В итоге книга о русском генофонде не получила авторской исторической проекции, она дает лишь снимок современного положения дел, верный для определенного ареала. Балановские воздержались от исторических гипотез, хотя для них имеется достаточно оснований. Но табу авторов — не наши табу, а посему речь о том ждет читателя впереди.
ПРОБЛЕМА МЕТОДА: ПРИРОДА ЭТНОСА «ПО БАЛАНОВСКИМ»
Природа этноса — главный камень преткновения, который был и остается между различными школами современной этнологии. Прежде всего, между отечественной и западной, но и между разными отечественными также[4]. Читатель должен знать, что любые утверждения о достигнутом в этом вопросе научном согласии, о неких договоренностях по данному поводу, о едином, якобы общепринятом базовом определении этноса и этничности — совершенно не соответствуют действительности.
Основной водораздел: этнос — биологическая или социальная категория? Имеются приверженцы как одной из крайних позиций, так и сторонники различных компромиссных подходов. Автор этих строк — убежденный и непоколебимый биологист, считающий, вслед за Б. Ф. Поршневым: социальное не из чего вывести, кроме как из биологического.
Книга биологов Балановских в данном вопросе демонстрирует такую же противоречивость, как и в ряде других. Факты, добытые ими, противостоят их же теоретическим установкам и убеждениям.
С одной стороны, они дают настоящий бой советской грубо социологизирующей школе, памятником которой стала вышедшая в 1986 году статья Якова Машбица и Кирилла Чистова, безапелляционно утверждавшая:
«Существуя объективно, этническое самосознание является субъективным механизмом осознания этноса как общности. Это — одна из форм обыденного сознания, притом нередко способ осознания социальной общности как единства происхождения, как своеобразного биологического родства (русский — русский по рождению, француз — француз по рождению). Но это вовсе не означает того, что этническое самосознание действительно отражает биологическую реальность. Утверждать так значит возводить в ранг научной теории обыденную и притом иллюзорную форму сознания социальной по своей природе общности (никогда не удастся доказать, что все русские или французы, или англичане родственники между собой; более или менее крупные и неизолированные этносы даже теоретически не могут располагать единым генофондом)»[5].
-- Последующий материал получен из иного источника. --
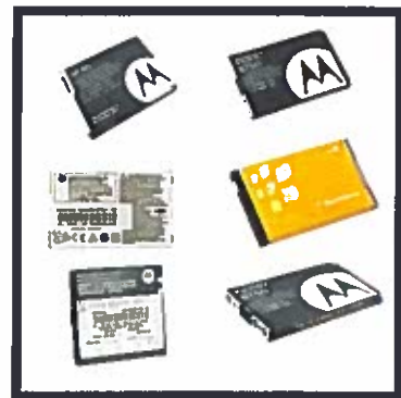
Li-Ion Cell Phone (Acceptable)

For batteries larger than the common consumer types shown above, customer should verify whether batteries can be shipped pursuant to Special Permit 16474.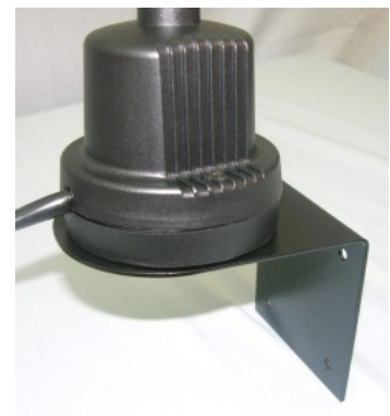
Wall Bracket Fitted to Base

EDL Lighting Limited, Redbrook lane, Brereton, Rugeley, Staffs WS15 1QU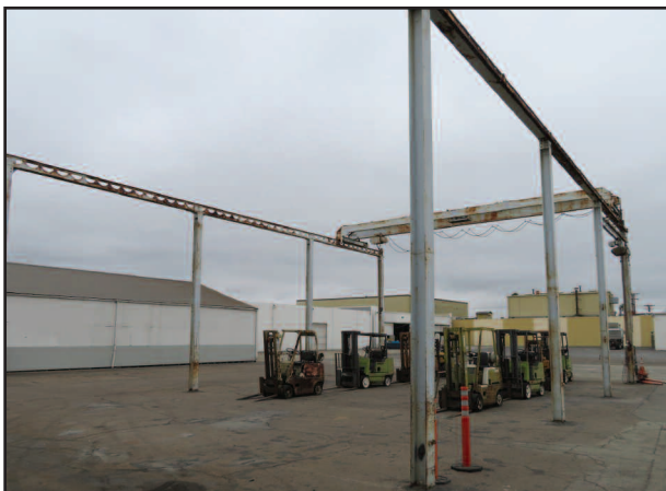
Free Standing Bridge Crane System

Name, Logo, Tel#, Dies, Email Address, Web Parts, Mailing Lists; Approx. 300,000 Blue Prints for Sea Ray, Malibu, Connect Craft, Catalina Sail Boats, Bayliner, Boston Whaler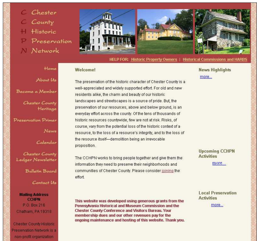
A Screenshot of the Home page.

Help for Historic Property Owners (located under the masthead) provides technical information specifically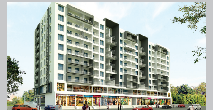
Vishwkarma, Prestige Phase 3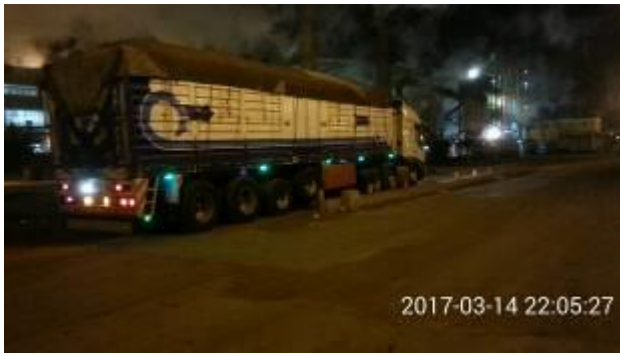
31. Trucks enter weighbridges under Vallis supervision and inspection.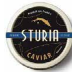
Caviar Baerii Classic BRAND: Sturia PACKING: 50 GR ORIGIN: FRANCE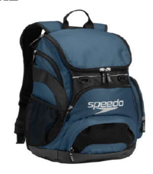
Speedo Team Bag $70.00 Embroidered with Castle & Last Name $60.00 Plain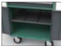
Partition board included inside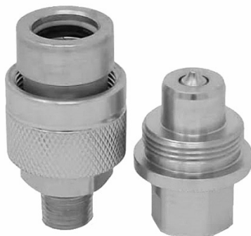
High Pressure Screw Coupling (Popet Type Coupling) Size : 1/4 to 1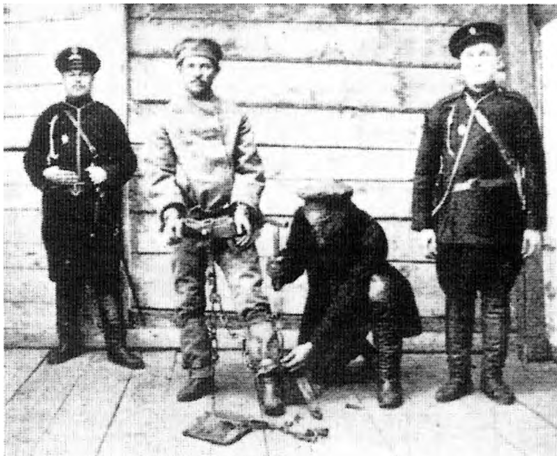
A prisoner of the Okhrana.

11 Study the photograph, and then answer the questions which follow.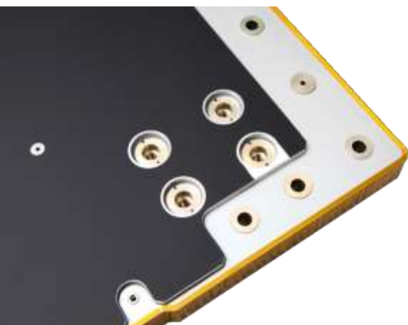
Sentinel - 5 P Panel External thermal doubler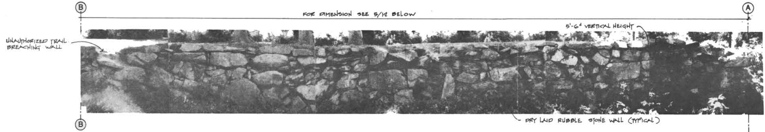
4/12 RIVER WALL - SOUTH OF FOUNDRY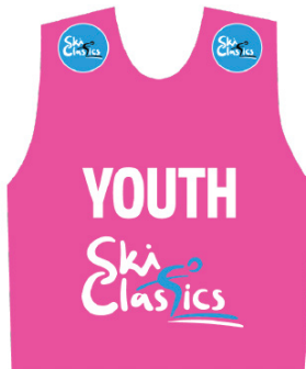
YOUTH BIB Pink PMS neon 806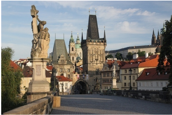
Charles Bridge in Prague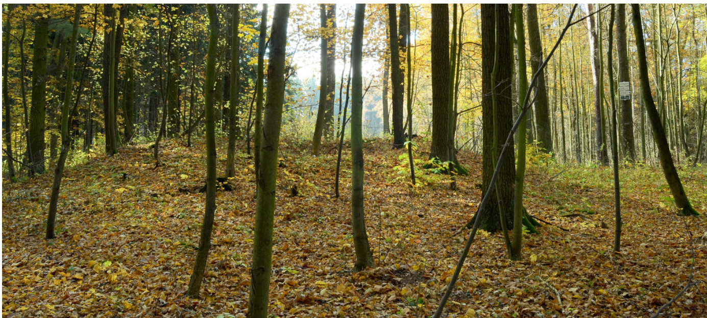
One of barrows on the cemetery.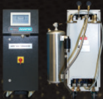
Heat Transfer Unit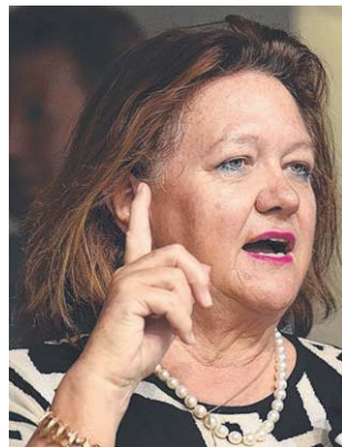
SUPPORT: Gina Rinehart

Ms Rinehart said although Australia is at a low point in terms of demand for resources, the cyclical nature of the industry has been a constant.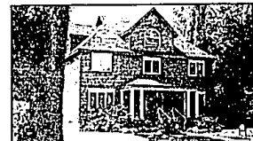
SUPERIOR DESIGN and craftsmanship with soaring ceilings, center island Euro-style kitchen, family room, dramatic 2-story master suite, 3rd floor office or studio. Short walk to downtown. Birmingham. $499,000. (644-6300) B14628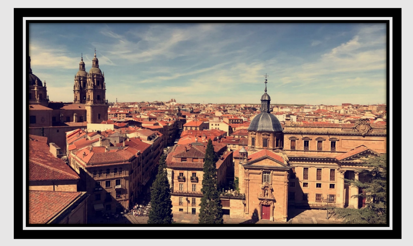
(Business in Europe Program)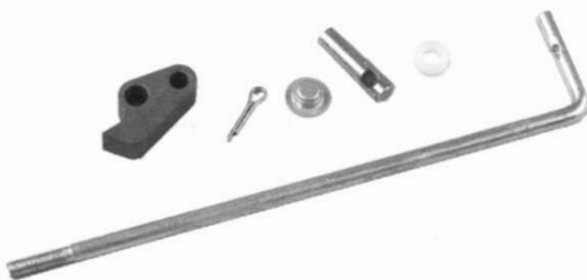
Hill brake rod & pawl kit

Товарищи Машбиц и Чистов ошиблись — притом в корне, сокрушительно. Этническое самосознание действительно способно и не отражать биологическую реальность или даже отражать ее превратно, тому есть немало примеров. Сознание вообще много чего может. Но это вовсе не значит, что этнос по своей природе не биологическая, а социальная общность.
Книга Балановских своей фактографией напрочь отвергает и полностью опровергает эту ложную точку зрения, господствовавшую еще недавно. Им удалось именно доказать, что очень многие крупные и неизолированные европейские этносы являются практически гомогенными, имеют единый генетический портрет, узнаваемый и отличимый от других этносов, а все сочлены этих этносов имеют, таким образом, общих предков в более или менее отдаленном прошлом. В соответствующем месте приведены даже таблицы гомогенности-гетерогенности разных народов, позволяющие сделать сравнения и придти к вполне однозначным выводам (речь о них впереди).